Task brief:
Write out the whole listing exactly; no images belong in it.

╔══

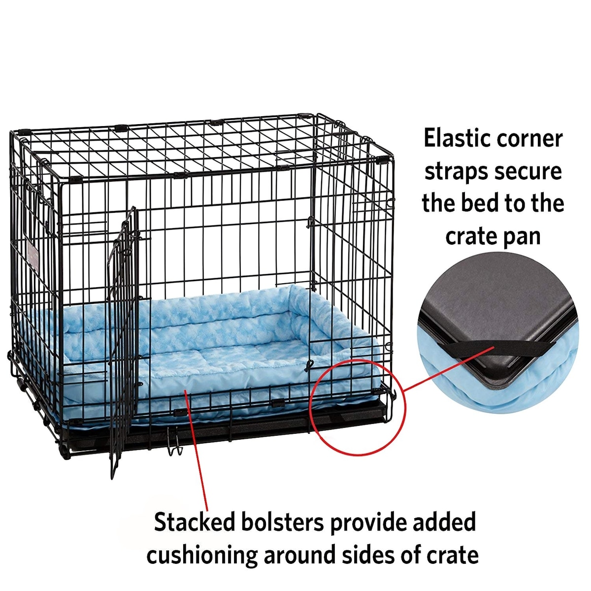 MidWest Quiet Time Fashion Plush Double Bolster Dog Crate Mat, Powder Blue, 22-in
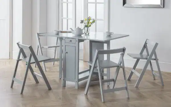 The savoy dining set is known as a butterfly set which has a fold down table and 4 folding chairs what fit inside the table, it also has a cutlery drawer. Made of solid hardwood in 4 finishes, white/natural finish, light oak finish, dove grey and black.
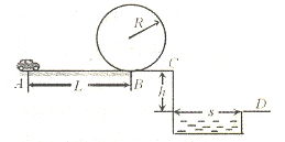 24.(16分)一电动小车沿如图所示的路径运动,小车从A点由静止出发,沿粗糙的水平直轨道运动L后,由B点进入半径为R的光滑竖直圆形轨道,运动一周后又从B点离开圆轨道进入水平光滑轨道BC段,在C与平面D间是一蓄水池,已知小车质量m=0.lkg、L=l0m、R=0.32m、h=1.25m、s=1.50m,在AB段所受阻力为0.3N.小车只在AB路段可以施加牵引力,牵引力的功率为P=1.5W,其他路段电动机关闭.问:要使小车能够顺利通过圆形轨道的最高点且能落在右侧平台D上,小车电动机至少工作多长时间?(g取l0m/s2,结果保留三位有效数字)
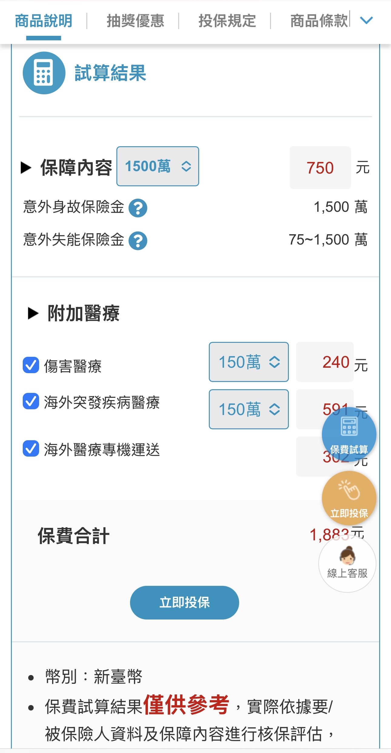 大部分的產險好像國外額度都很少五萬 除非突發疾病
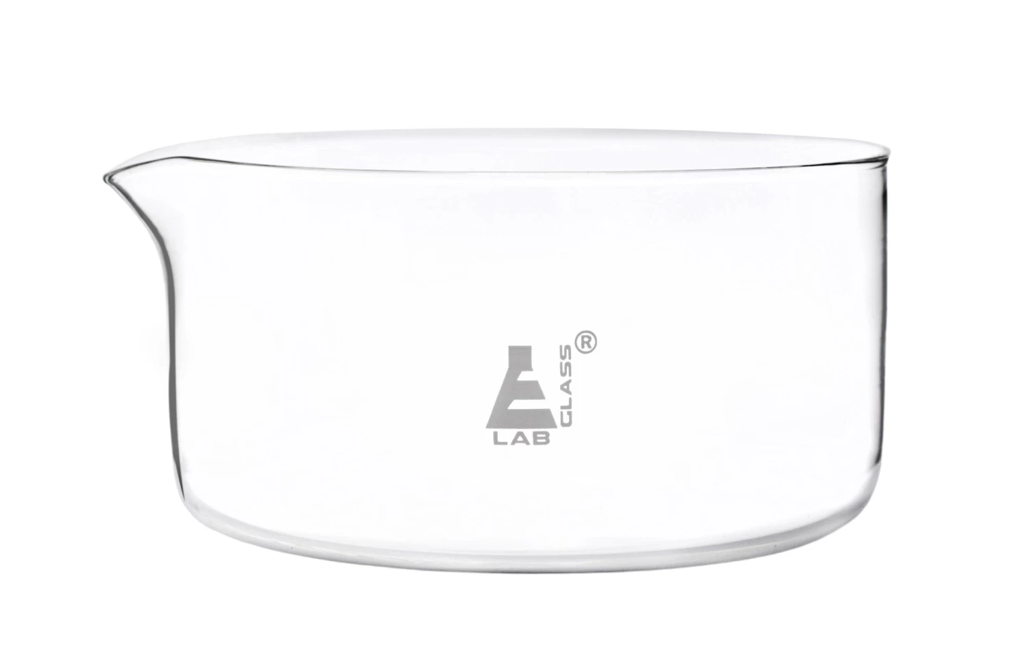 2000ml capacity crystalizing dish made of high quality, heavy duty Borosilicate 3.3 glass. Features flat base, and beaded rim. Spout for easy pouring.
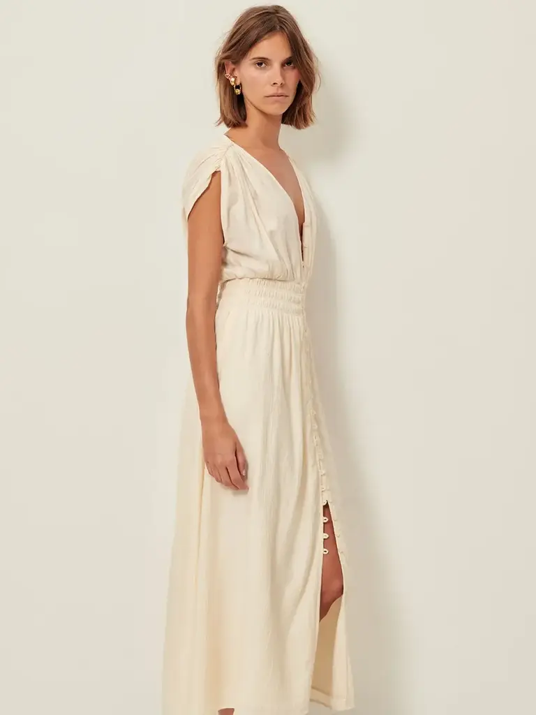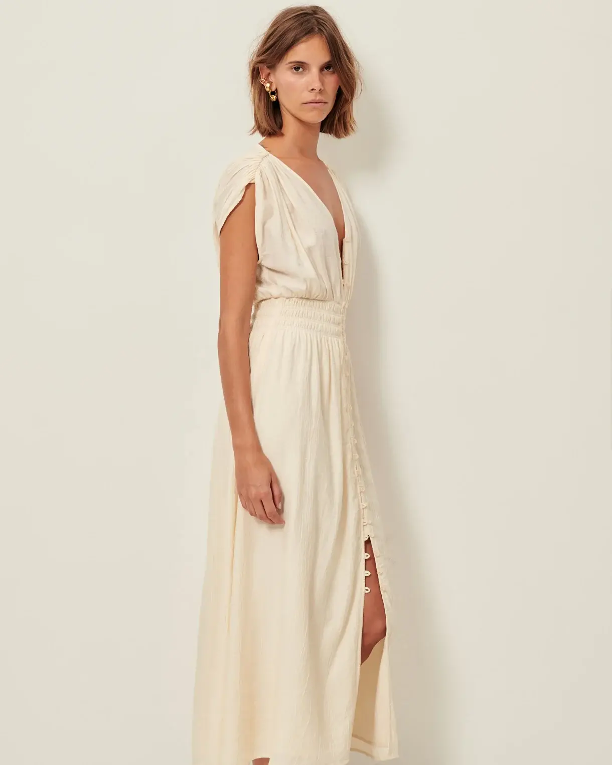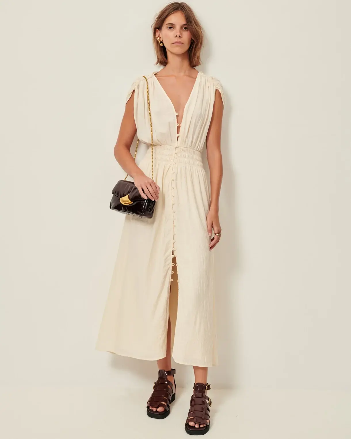 Long buttoned and smocked dress in soft viscose seersucker crepe.
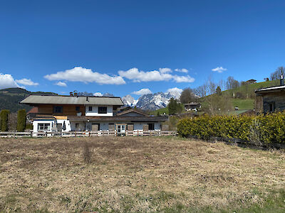 Building plot (designated residential area) in an absolutely sunny location with views of the Hahnenkamm, the Wilder Kaiser and the Kitzbüheler Horn.
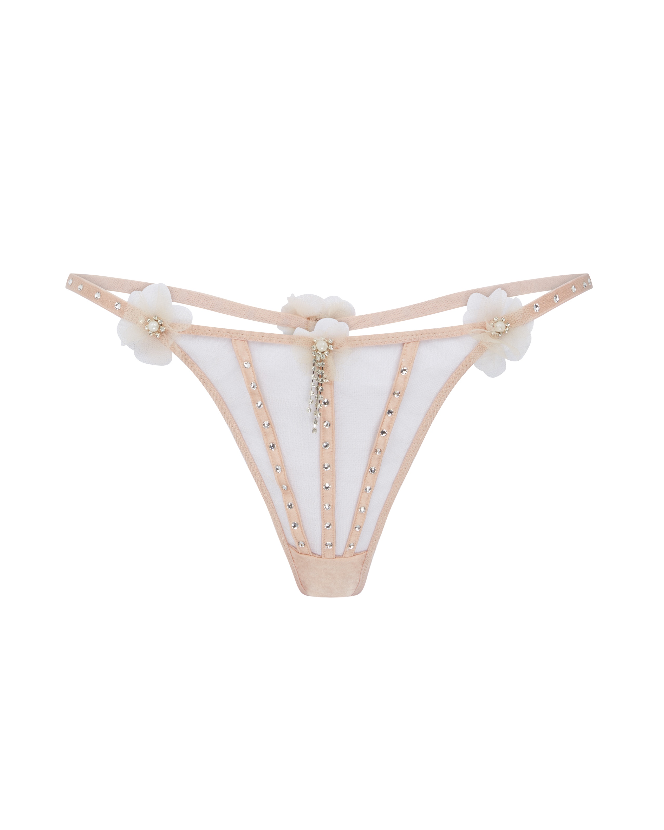 Трусы стринги песочного цвета Evangelene выполнены из прозрачного тюля. Изделие украшено рюшами и цветами из того же материала, а также кристаллами и жемчугом. Благодаря шелковой ластовице и отделке, эти трусы обеспечивают не только красоту, но и комфорт в носке. Идеально сочетаются с другими элементами коллекции Evangelene для создания мечтательного и романтического образа.

╚══

Expected answer:
 MidWest Quiet Time Fashion Plush Double Bolster Dog Crate Mat, Powder Blue, 22-in
 The savoy dining set is known as a butterfly set which has a fold down table and 4 folding chairs what fit inside the table, it also has a cutlery drawer. Made of solid hardwood in 4 finishes, white/natural finish, light oak finish, dove grey and black.
 24.(16分)一电动小车沿如图所示的路径运动,小车从A点由静止出发,沿粗糙的水平直轨道运动L后,由B点进入半径为R的光滑竖直圆形轨道,运动一周后又从B点离开圆轨道进入水平光滑轨道BC段,在C与平面D间是一蓄水池,已知小车质量m=0.lkg、L=l0m、R=0.32m、h=1.25m、s=1.50m,在AB段所受阻力为0.3N.小车只在AB路段可以施加牵引力,牵引力的功率为P=1.5W,其他路段电动机关闭.问:要使小车能够顺利通过圆形轨道的最高点且能落在右侧平台D上,小车电动机至少工作多长时间?(g取l0m/s2,结果保留三位有效数字)
 大部分的產險好像國外額度都很少五萬 除非突發疾病
 2000ml capacity crystalizing dish made of high quality, heavy duty Borosilicate 3.3 glass. Features flat base, and beaded rim. Spout for easy pouring.
 Long buttoned and smocked dress in soft viscose seersucker crepe.
 Building plot (designated residential area) in an absolutely sunny location with views of the Hahnenkamm, the Wilder Kaiser and the Kitzbüheler Horn.
 Трусы стринги песочного цвета Evangelene выполнены из прозрачного тюля. Изделие украшено рюшами и цветами из того же материала, а также кристаллами и жемчугом. Благодаря шелковой ластовице и отделке, эти трусы обеспечивают не только красоту, но и комфорт в носке. Идеально сочетаются с другими элементами коллекции Evangelene для создания мечтательного и романтического образа.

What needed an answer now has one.